Demand for Product Managers Increased 21% YoY

Demand for experienced product managers increased by 13% month over month and by 21% year over year, according to Toptal’s October 2025 report. These increases were also likely due in part to rapid AI adoption. Érico Sabino, Enterprise Matching Team Lead at Toptal, is seeing the highest demand for product managers with expertise in LLMs and artificial intelligence, particularly roles focused on AI integration, such as AI product managers for internal workflow automation and AI-driven personal assistant applications. Furthermore, a “focus on minimum viable products and product roadmaps for AI solutions underscores a strategic trend toward rapid innovation and market responsiveness,” he says.
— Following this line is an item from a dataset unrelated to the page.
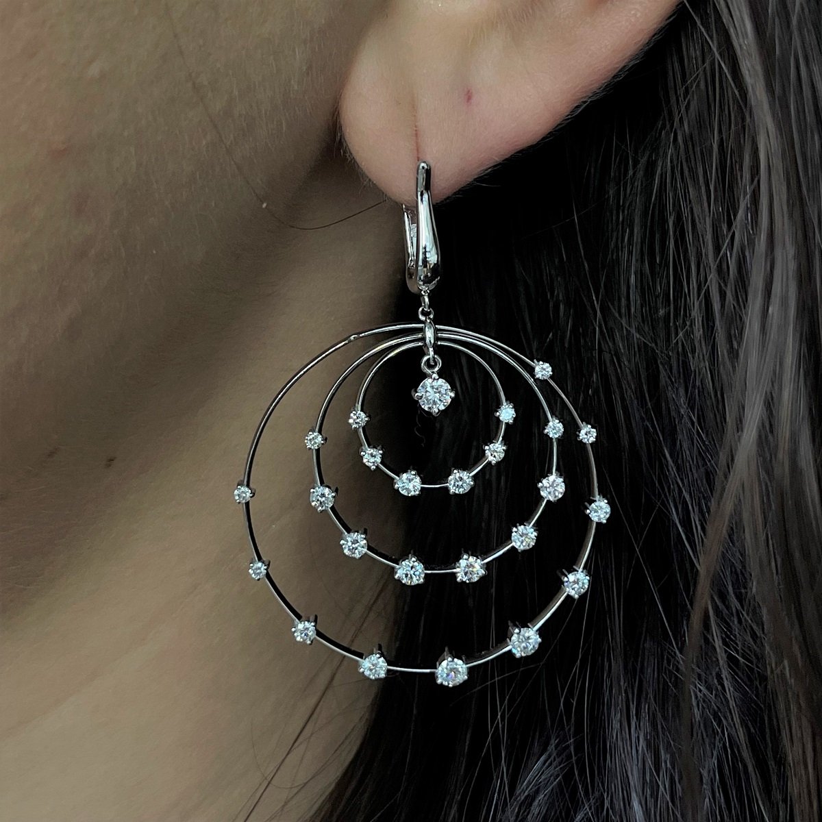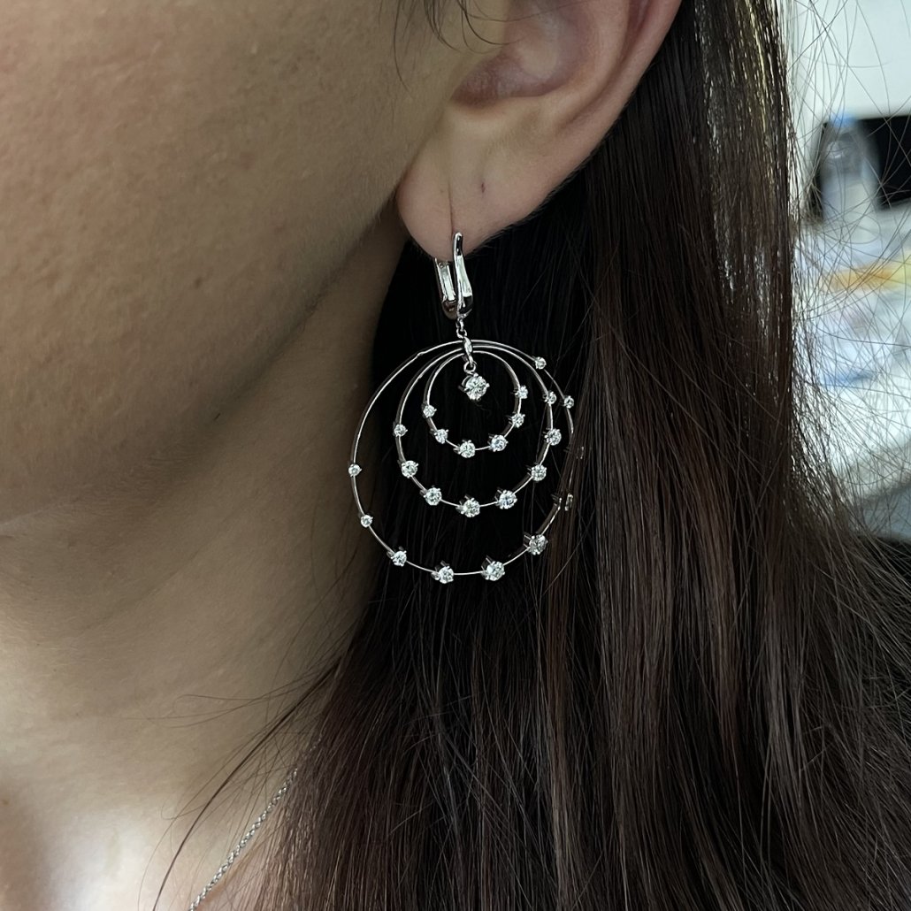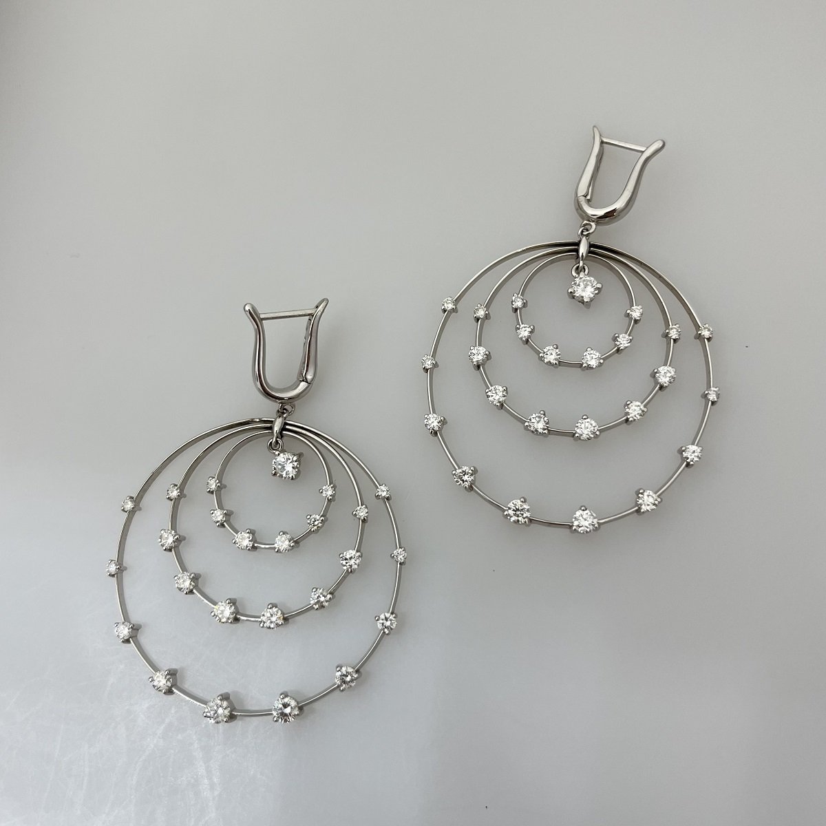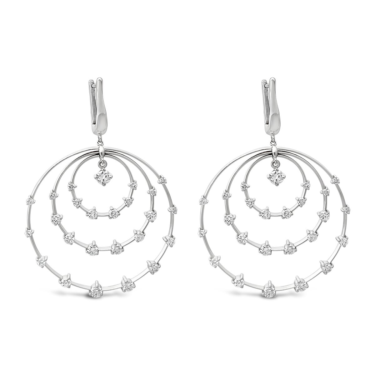 14k White Gold Earrings feature 3 concentric diamond circles with dangling diamonds.

Demand for Marketing Experts Increased 18% YoY

The need for marketers may initially seem unrelated to AI adoption. But product marketing expertise is extremely important for differentiated messaging and positioning—particularly in the age of AI, when companies must be able to clearly explain their AI integrations and offerings, says Chris Krohn, GM of Toptal’s Marketing Agency. Demand for experienced marketing experts increased by 4% month over month, and by 18% year over year, for a Toptal Market Strength Score of Strong.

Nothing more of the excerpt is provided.